- Raw data -
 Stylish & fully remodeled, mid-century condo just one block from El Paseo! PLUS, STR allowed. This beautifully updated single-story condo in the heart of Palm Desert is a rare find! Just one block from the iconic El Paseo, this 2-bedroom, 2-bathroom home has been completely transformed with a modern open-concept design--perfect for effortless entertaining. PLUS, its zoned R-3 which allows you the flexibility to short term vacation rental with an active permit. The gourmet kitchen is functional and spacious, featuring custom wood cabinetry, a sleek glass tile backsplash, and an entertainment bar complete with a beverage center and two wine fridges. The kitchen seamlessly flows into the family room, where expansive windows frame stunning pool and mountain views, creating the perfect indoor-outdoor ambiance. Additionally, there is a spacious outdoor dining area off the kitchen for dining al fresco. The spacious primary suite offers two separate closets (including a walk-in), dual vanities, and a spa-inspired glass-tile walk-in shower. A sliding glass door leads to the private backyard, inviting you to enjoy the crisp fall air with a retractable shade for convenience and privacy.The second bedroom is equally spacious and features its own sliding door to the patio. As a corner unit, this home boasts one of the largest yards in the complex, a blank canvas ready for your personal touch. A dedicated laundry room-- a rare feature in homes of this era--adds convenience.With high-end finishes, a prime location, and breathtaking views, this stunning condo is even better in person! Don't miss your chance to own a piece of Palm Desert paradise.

--

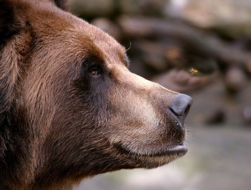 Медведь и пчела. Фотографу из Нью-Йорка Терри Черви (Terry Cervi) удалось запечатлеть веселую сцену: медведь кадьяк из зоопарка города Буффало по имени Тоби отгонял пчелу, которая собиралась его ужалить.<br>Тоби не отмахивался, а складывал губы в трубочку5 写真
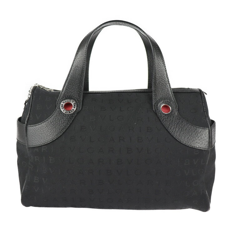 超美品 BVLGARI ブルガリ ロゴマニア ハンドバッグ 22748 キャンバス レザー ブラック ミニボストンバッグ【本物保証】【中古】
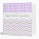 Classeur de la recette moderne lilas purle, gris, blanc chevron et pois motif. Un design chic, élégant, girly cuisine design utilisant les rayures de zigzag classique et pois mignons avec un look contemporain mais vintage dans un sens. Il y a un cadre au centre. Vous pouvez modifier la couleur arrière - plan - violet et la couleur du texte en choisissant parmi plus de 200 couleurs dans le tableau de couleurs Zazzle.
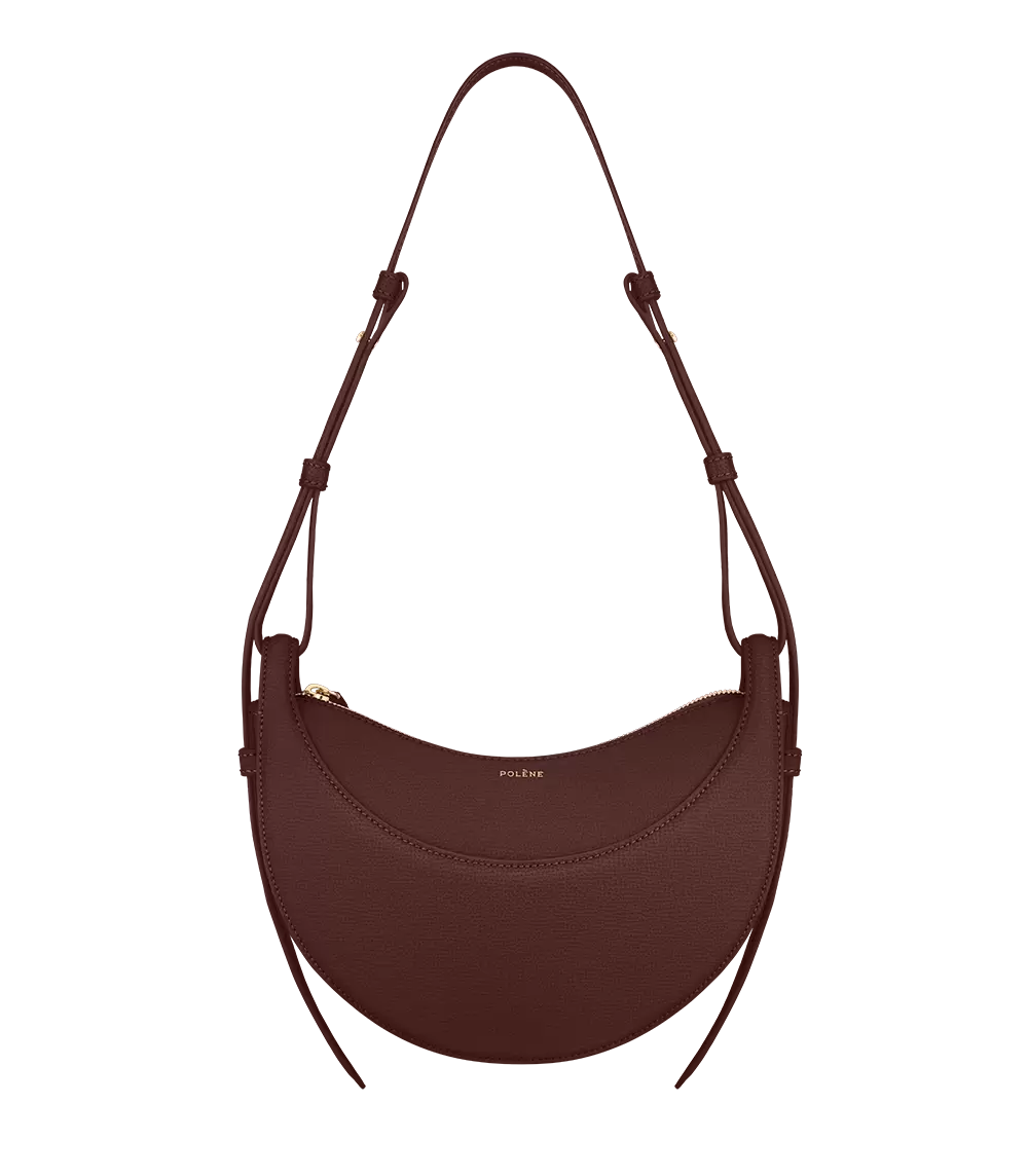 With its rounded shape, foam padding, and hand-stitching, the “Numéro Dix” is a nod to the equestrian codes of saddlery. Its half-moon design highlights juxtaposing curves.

---

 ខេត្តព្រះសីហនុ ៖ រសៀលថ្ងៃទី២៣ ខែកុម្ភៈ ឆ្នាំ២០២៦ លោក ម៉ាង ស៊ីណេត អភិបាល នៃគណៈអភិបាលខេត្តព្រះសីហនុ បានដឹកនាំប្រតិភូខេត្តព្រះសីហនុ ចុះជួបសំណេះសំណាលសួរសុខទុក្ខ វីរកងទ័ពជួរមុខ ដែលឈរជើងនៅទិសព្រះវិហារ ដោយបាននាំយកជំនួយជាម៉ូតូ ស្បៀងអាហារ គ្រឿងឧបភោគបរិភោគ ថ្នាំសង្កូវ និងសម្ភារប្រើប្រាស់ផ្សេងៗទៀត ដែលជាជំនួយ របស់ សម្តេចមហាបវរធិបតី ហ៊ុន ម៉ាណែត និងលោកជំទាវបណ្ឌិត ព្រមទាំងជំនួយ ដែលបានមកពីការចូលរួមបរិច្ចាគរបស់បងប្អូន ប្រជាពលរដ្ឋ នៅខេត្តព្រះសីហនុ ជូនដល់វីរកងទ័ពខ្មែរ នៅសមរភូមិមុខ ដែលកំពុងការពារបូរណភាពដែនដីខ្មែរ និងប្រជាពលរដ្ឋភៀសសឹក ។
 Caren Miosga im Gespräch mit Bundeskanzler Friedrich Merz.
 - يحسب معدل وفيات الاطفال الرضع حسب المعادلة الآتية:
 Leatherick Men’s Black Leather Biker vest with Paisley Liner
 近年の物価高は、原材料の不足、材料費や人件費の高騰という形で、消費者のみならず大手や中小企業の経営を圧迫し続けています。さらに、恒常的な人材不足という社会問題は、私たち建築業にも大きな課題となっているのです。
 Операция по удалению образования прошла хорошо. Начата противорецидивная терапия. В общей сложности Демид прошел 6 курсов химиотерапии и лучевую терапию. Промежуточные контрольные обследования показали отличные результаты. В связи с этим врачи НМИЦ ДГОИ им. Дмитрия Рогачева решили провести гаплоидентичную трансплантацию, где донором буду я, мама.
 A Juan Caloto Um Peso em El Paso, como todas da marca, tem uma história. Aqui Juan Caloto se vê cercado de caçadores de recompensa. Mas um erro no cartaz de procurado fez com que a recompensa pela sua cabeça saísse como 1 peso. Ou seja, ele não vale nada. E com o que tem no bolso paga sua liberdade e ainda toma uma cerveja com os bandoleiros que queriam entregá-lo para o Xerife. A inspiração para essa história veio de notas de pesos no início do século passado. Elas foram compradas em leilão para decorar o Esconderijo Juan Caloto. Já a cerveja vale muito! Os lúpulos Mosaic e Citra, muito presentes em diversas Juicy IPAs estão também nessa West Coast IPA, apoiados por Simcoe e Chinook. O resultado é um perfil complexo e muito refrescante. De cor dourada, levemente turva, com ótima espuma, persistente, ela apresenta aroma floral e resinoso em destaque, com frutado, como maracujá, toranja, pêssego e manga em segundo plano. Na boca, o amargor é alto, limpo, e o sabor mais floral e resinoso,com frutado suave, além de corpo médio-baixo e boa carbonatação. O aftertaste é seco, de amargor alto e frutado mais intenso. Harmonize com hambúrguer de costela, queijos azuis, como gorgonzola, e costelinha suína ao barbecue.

- What the task requires -
Copy the lines of the data above exactly as written, beginning with the line containing "近年の物価高は、原材料の不足" and ending with the line containing "Операция по удалению", and leave out all other lines.

- Problem solution -
 近年の物価高は、原材料の不足、材料費や人件費の高騰という形で、消費者のみならず大手や中小企業の経営を圧迫し続けています。さらに、恒常的な人材不足という社会問題は、私たち建築業にも大きな課題となっているのです。
 Операция по удалению образования прошла хорошо. Начата противорецидивная терапия. В общей сложности Демид прошел 6 курсов химиотерапии и лучевую терапию. Промежуточные контрольные обследования показали отличные результаты. В связи с этим врачи НМИЦ ДГОИ им. Дмитрия Рогачева решили провести гаплоидентичную трансплантацию, где донором буду я, мама.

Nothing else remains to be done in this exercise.